## What this task involves
In the listing below, the lines starting with the line with "بر اساس ابلاغیه" and going on through the line with "শিক্ষকদের হাত ধরেই" are to be reproduced exactly, and only those.

## Information given

== Segment start ==

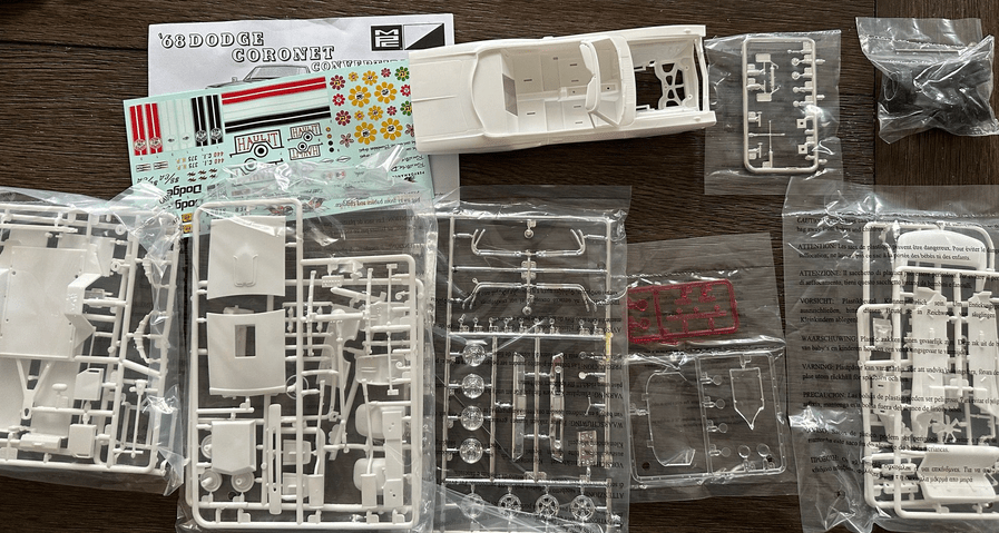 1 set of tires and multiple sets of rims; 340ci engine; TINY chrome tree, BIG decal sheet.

== Segment end ==
== Segment start ==

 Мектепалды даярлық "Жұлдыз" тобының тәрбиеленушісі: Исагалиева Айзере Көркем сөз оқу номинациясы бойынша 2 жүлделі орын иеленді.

== Segment end ==
== Segment start ==

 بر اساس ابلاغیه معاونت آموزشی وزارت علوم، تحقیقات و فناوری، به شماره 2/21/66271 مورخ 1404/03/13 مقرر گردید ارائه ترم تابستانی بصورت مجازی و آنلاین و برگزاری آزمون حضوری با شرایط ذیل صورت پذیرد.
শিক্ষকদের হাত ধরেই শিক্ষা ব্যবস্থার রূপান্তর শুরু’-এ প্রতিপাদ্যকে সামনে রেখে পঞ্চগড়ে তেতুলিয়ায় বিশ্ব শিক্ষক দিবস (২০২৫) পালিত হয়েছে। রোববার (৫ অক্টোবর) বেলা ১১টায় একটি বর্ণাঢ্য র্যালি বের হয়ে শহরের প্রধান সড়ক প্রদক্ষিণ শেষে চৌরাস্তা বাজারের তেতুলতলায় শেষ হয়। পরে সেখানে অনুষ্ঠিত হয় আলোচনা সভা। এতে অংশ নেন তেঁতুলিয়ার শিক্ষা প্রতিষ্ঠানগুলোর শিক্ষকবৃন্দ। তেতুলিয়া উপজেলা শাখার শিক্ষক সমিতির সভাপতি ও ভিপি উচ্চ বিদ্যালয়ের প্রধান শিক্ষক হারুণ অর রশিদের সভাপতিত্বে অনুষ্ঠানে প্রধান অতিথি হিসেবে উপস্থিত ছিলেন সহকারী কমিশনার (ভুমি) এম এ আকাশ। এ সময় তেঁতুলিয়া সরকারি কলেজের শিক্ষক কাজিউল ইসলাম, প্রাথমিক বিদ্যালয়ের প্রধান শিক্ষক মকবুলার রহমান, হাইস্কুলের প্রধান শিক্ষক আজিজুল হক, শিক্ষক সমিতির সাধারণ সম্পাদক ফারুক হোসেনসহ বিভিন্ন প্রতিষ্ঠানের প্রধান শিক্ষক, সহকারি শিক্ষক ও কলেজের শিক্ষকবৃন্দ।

== Segment end ==

## Answer space
 بر اساس ابلاغیه معاونت آموزشی وزارت علوم، تحقیقات و فناوری، به شماره 2/21/66271 مورخ 1404/03/13 مقرر گردید ارائه ترم تابستانی بصورت مجازی و آنلاین و برگزاری آزمون حضوری با شرایط ذیل صورت پذیرد.
শিক্ষকদের হাত ধরেই শিক্ষা ব্যবস্থার রূপান্তর শুরু’-এ প্রতিপাদ্যকে সামনে রেখে পঞ্চগড়ে তেতুলিয়ায় বিশ্ব শিক্ষক দিবস (২০২৫) পালিত হয়েছে। রোববার (৫ অক্টোবর) বেলা ১১টায় একটি বর্ণাঢ্য র্যালি বের হয়ে শহরের প্রধান সড়ক প্রদক্ষিণ শেষে চৌরাস্তা বাজারের তেতুলতলায় শেষ হয়। পরে সেখানে অনুষ্ঠিত হয় আলোচনা সভা। এতে অংশ নেন তেঁতুলিয়ার শিক্ষা প্রতিষ্ঠানগুলোর শিক্ষকবৃন্দ। তেতুলিয়া উপজেলা শাখার শিক্ষক সমিতির সভাপতি ও ভিপি উচ্চ বিদ্যালয়ের প্রধান শিক্ষক হারুণ অর রশিদের সভাপতিত্বে অনুষ্ঠানে প্রধান অতিথি হিসেবে উপস্থিত ছিলেন সহকারী কমিশনার (ভুমি) এম এ আকাশ। এ সময় তেঁতুলিয়া সরকারি কলেজের শিক্ষক কাজিউল ইসলাম, প্রাথমিক বিদ্যালয়ের প্রধান শিক্ষক মকবুলার রহমান, হাইস্কুলের প্রধান শিক্ষক আজিজুল হক, শিক্ষক সমিতির সাধারণ সম্পাদক ফারুক হোসেনসহ বিভিন্ন প্রতিষ্ঠানের প্রধান শিক্ষক, সহকারি শিক্ষক ও কলেজের শিক্ষকবৃন্দ।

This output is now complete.